Overview
- Investors preferred growth stocks over this category during low-inflation years.
- During inflationary periods, less indebted companies are less impacted by rising rates on their balance sheets and can take advantage of price increases to repay their debt more quickly.
- The value equities category outperformed the European equity market in 2022.
Current Situation
The market is hesitating between two scenarios:
1. Deflationary scenario
In this scenario, inflation becomes decreasing without significant rate hikes, favoring growth stocks.
2. Inflationary scenario
In this scenario, rising inflation requires further rate hikes, favoring value stocks.
Inflation Scenario
Faced with persistently high inflation, strong employment figures, and sustained household consumption, central banks should act to prevent an overheating economy that has a negative long-term impact. In this scenario, companies with healthy balance sheets and resilient business activity will be favored by investors seeking safe and stable assets.
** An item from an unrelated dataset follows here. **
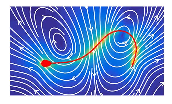 生命の誕生はひとつの精子と卵の出会いからはじまります。しかし、その前に精子は他の多くの精子たちとの「競争」に勝たなければならない・・・この精子の旅の物語はどこまでが本当なのでしょうか。本研究グループは、精子の泳ぎに周りの液の流れを表す式からアプローチすることで、精子の旅を覗いてみたいと考えました。
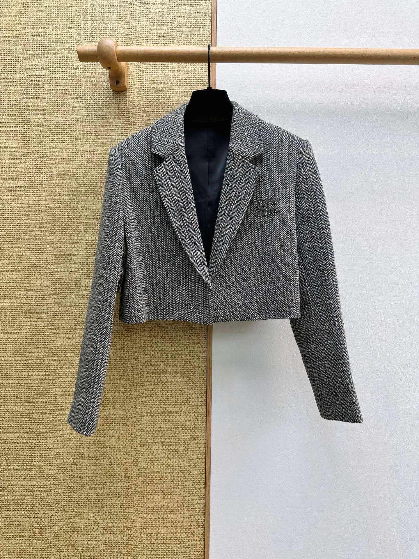 Жакет женский MIU MIU — короткая модель из коллекции ранней весны в стиле академической элегантности. Изделие выполнено из качественной шерстяной ткани на заказ, с выраженной текстурой и ретро-орнаментом. Чёткая полоска и подобранный тон подчёркивают образ, а конструкция с прямыми плечами и объёмным кроем создаёт стройный силуэт.

This is the scenario we experienced in 2022 with the Europe mixed growth equities category outperforming the European equities market by 7.3%.

Disinflation Scenario
Inflation decreases without further sharp rate hikes. Companies can now finance themselves at rates that allow them to invest significantly and sustainably. In this scenario, the market will favor companies with strong growth potential.
This scenario is the one we experienced for many years before 2022 and could recur as early as 2023 if a recession is avoided.

Past performance does not guarantee future results. Fees are included in performance figures. The content above does not constitute investment advice. It is an objective analysis of financial information.